Exact Cache Lookup (O(1))

The exact cache uses a hash-based key derived from the prompt text:

#![allow(unused)]
fn main() {
// Key generation using DefaultHasher
fn exact_key(prompt: &str) -> String {
    let mut hasher = DefaultHasher::new();
    prompt.hash(&mut hasher);
    let hash = hasher.finish();
    format!("_cache:exact:{:016x}", hash)
}
}

The lookup sequence:

  1. Generate hash key from prompt
  2. Query TensorStore with key
  3. Check expiration timestamp
  4. Return hit or proceed to semantic lookup

Semantic Cache Lookup (O(log n))

The semantic cache uses HNSW (Hierarchical Navigable Small World) graphs for approximate nearest neighbor search:

flowchart LR
    A[Query Vector] --> B[HNSW Entry Point]
    B --> C[Layer 2: Coarse Search]
    C --> D[Layer 1: Refined Search]
    D --> E[Layer 0: Fine Search]
    E --> F[Top-k Candidates]
    F --> G[Re-score with Metric]
    G --> H[Filter by Threshold]
    H --> I[Return Best Match]

Re-scoring Strategy: The HNSW index retrieves candidates using cosine similarity, then re-scores them with the requested metric. This allows using different metrics without rebuilding the index:

#![allow(unused)]
fn main() {
// Retrieve more candidates than needed for re-scoring
let ef = (k * 3).max(10);
let candidates = index.search(query, ef);

// Re-score with specified metric
let similarity = match &embedding {
    EmbeddingStorage::Dense(dense) => {
        let stored_sparse = SparseVector::from_dense(dense);
        let raw = metric.compute(&query_sparse, &stored_sparse);
        metric.to_similarity(raw)
    }
    EmbeddingStorage::Sparse(sparse) => {
        let raw = metric.compute(&query_sparse, sparse);
        metric.to_similarity(raw)
    }
    // ...handles Delta and TensorTrain storage types
};
}

Automatic Metric Selection

When auto_select_metric is enabled, the cache automatically selects the optimal distance metric based on embedding sparsity:

#![allow(unused)]
fn main() {
fn select_metric(&self, embedding: &[f32]) -> DistanceMetric {
    if !self.config.auto_select_metric {
        return self.config.distance_metric.clone();
    }

    let sparse = SparseVector::from_dense(embedding);
    if sparse.sparsity() >= self.config.sparsity_metric_threshold {
        DistanceMetric::Jaccard  // Better for sparse vectors
    } else {
        self.config.distance_metric.clone()  // Default (usually Cosine)
    }
}
}

Cache Layers

Exact Cache (O(1))

Hash-based lookup for identical queries. Keys are generated from prompt text using DefaultHasher. Stored with prefix _cache:exact:.

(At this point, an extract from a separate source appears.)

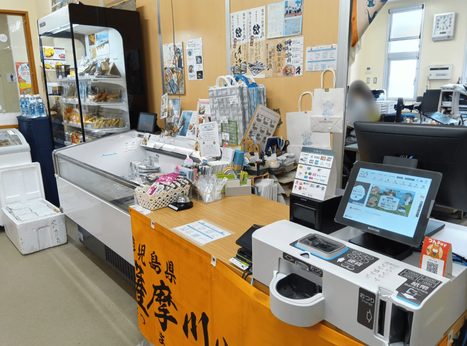 薩摩川内市観光物産協会様では、鹿児島県の離島・甑島(こしきしま)の港ターミナル内(里港/長浜港)で営業するお土産店2店舗に、当社のPOSレジを導入いただきました。

When to use: Repetitive queries with exact same prompts (e.g., FAQ systems, chatbots with canned responses).

Semantic Cache (O(log n))

HNSW-based similarity search for semantically similar queries. Uses configurable distance metrics (Cosine, Jaccard, Euclidean, Angular). Stored with prefix _cache:sem:.

When to use: Natural language queries with variations (e.g., “What’s the weather?” vs “How’s the weather today?”).

Embedding Cache (O(1))

Stores precomputed embeddings to avoid redundant embedding API calls. Keys combine source and content hash. Stored with prefix _cache:emb:.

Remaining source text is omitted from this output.